I found this article to be particularly interesting because it possessed many aspects that are similar or related to topics I have discussed in business classes. I recognized the first business characteristic in the following quote:
“…the decline of the aura can be attributed to the desire of the masses to bring things close to themselves and to their tendency to equate all things, to sense, as Benjamin puts it, the universal equality of things. This tendency is itself the effect of the mode of production, for what Benjamin seems to be describing is the effect of commodity fetishism on human perception. The abstraction makes exchange possible and that underlies what Marx calls the ‘mystery of money’ has led the masses to see things as equivalent.” (28)
This quote contains the idea that supports our entire economy and all economic transactions and activities across the world: the human ability to see material items as equivalent to a monetary value. This capability gives the ideas behind supply and demand the traction on which it can support its claims.
Secondly, the issue this article addresses of the inequality associated with gender. From the time that women made their first appearances in the workforce there have been obstacles created to limit their level of success to be much less than that of a man. This article describes many sexist ideologies that represent an aspect of society’s aversion to women in the workplace. Fascism and the idea of “virility” emphasis the positive aspects of a leader: strength, forcefulness, intelligence, and power. Virility identifies these characteristics as strictly “manly”, and emphasizes the identification of what were considered “feminized” characteristics as negative and harmful to the potential success and power of men.
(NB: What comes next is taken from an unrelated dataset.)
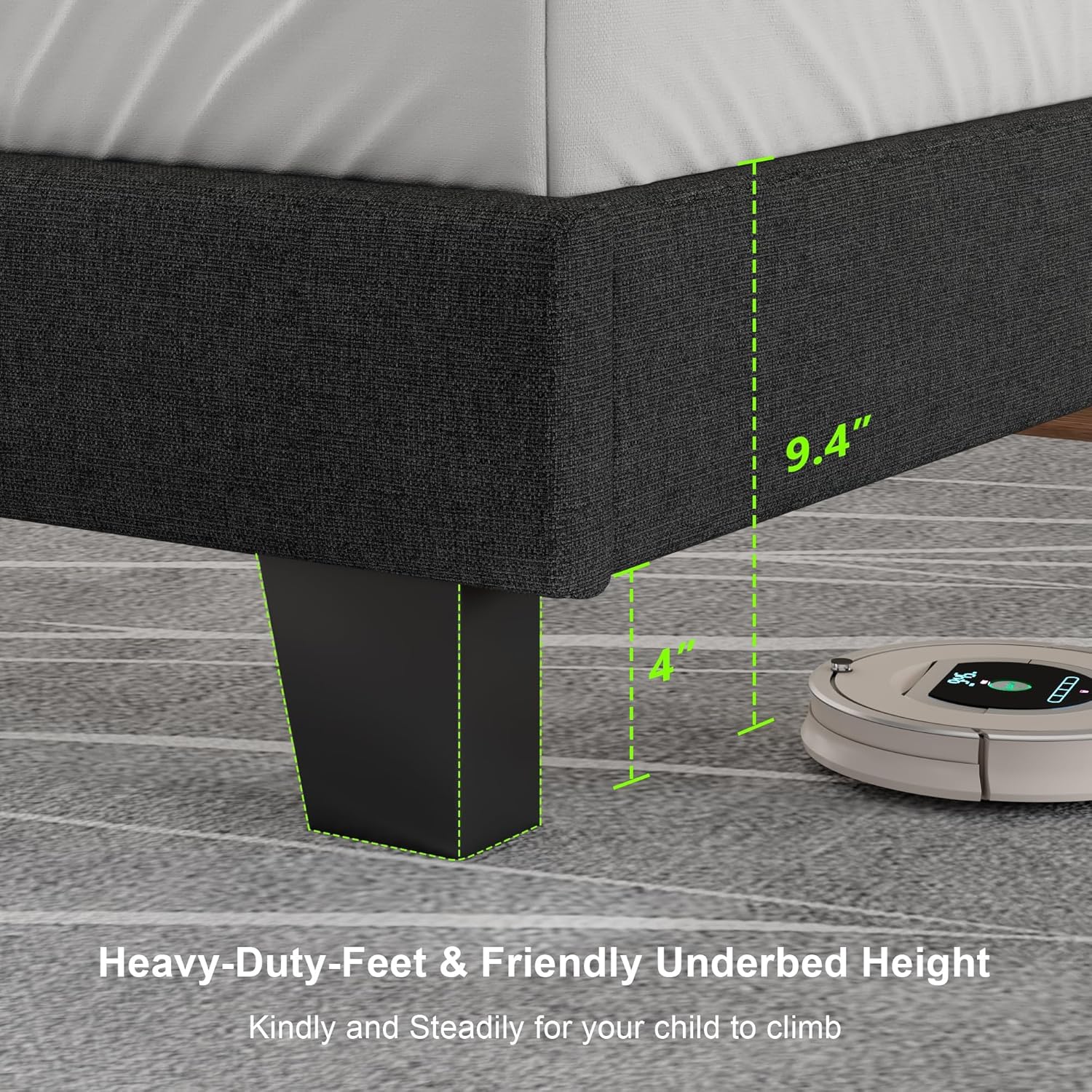 Feonase King Size Platform Bed Frame, Upholstered Bed with Button Tufted Headboard, Heavy Duty Wooden Slats & Thickened Feet, No Box Spring Needed, Noise-Free, Easy Assembly, Dark Grey

The chapter describes that “in fascist discourse, gender and sex are not to be mixed and matched: virility is the property of man, and femininity the property of women…The adjectives ‘masculine’ and ‘virile’ as applied to women were exclusively terms of abuse meant to deride the intellectual, ‘feminist,’ and hence sterile woman not properly devoted to her reproductive mission.” (17) Prejudices such as this are what contributed to developments of obstacles such as the glass ceiling effect, income disparities, and occupational segregation.


Marinetti’s view of marriage and the family as threats to virility are in direct contrast to Mussolini’s demographic campaign promoting “fecundità” (birth rate). In his Ascension Day Speech of 1927, Mussolini declared “that the most fundamental, essential element in the political, and therefore economic, and moral influence of a nation lies in its demographic strength”. The campaign increased welfare benefits, tax breaks and gave recognition to women who bore many children. For Marinetti,”divorce, free love and destruction of the bourgeois family” would protect virility but this is in contrast to the family values present in rural societies. Women are needed to make society work. What I find fascinating is the fact that women were “fanatic” supporters of the regime. Macciocchi blames women’s masochism for their support of fascism. This “masochistic pleasure derived from the sacrifices requested of them” (p.26). Sacrifices were always requested of women in rural societies, now at least they were being in some way recognized for these sacrifices. A theory that relegated women to mere bearers of children, furnishing men to fight in war negated any idea of unity in society.